Journal of Colloid and Interface Science
- Discipline: Colloid and interface science
- Language: English
- Edited by: M. Malmsten

Publication details
- Former name: Journal of Colloid Science
- History: 1946–present
- Publisher: Elsevier
- Frequency: Biweekly
- Impact factor: 9.6 (2025)

Standard abbreviations
- ISO 4: J. Colloid Interface Sci.

Indexing
- CODEN: JCISA5
- ISSN: 0021-9797 (print) 1095-7103 (web)
- LCCN: 74644184
- OCLC no.: 36935837

Links
- Journal homepage; Online access; Archive of Journal of Colloid Science;

= Journal of Colloid and Interface Science =

The Journal of Colloid and Interface Science is a peer-reviewed scientific journal published by Elsevier.
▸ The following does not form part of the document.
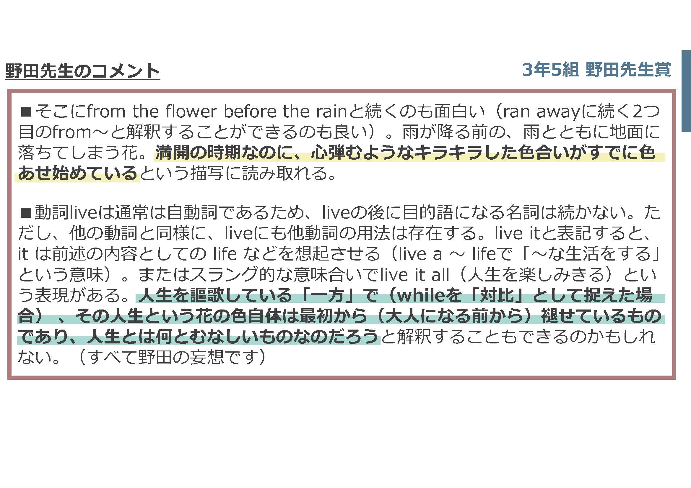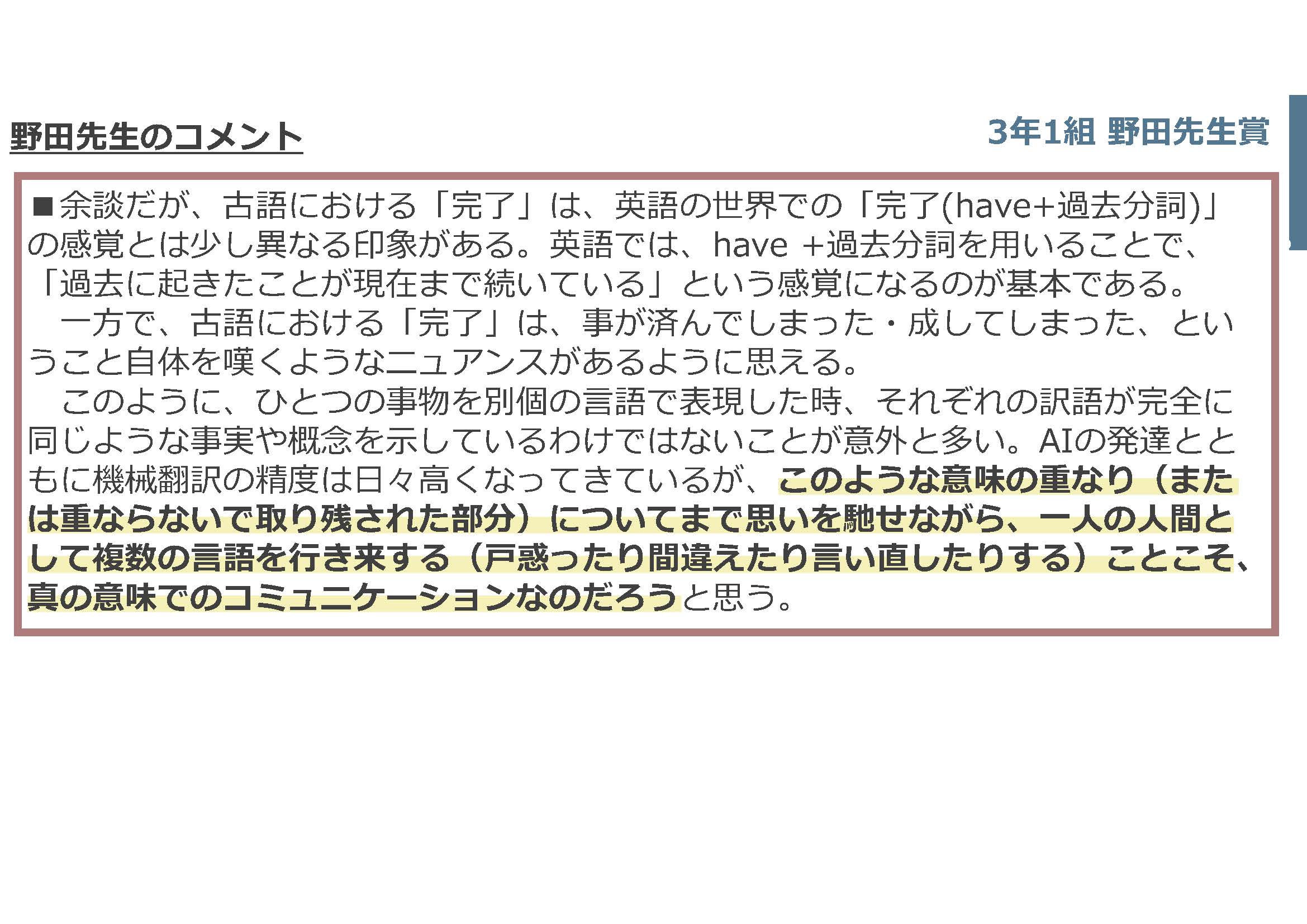 最後に、各クラス1名、野田先生に最優秀賞を選んでいただき、講評を含めて「野田先生賞」を発表しました。

It covers research related to colloid and interface science with a particular focus on colloidal materials and nanomaterials; surfactants and soft matter; adsorption, catalysis and electrochemistry; interfacial processes, capillarity and wetting; biomaterials and nanomedicine; and novel phenomena and techniques. The editor-in-chief is Martin Malmsten (Uppsala University). The journal was established in 1946 as Journal of Colloid Science. It obtained its current name in 1966.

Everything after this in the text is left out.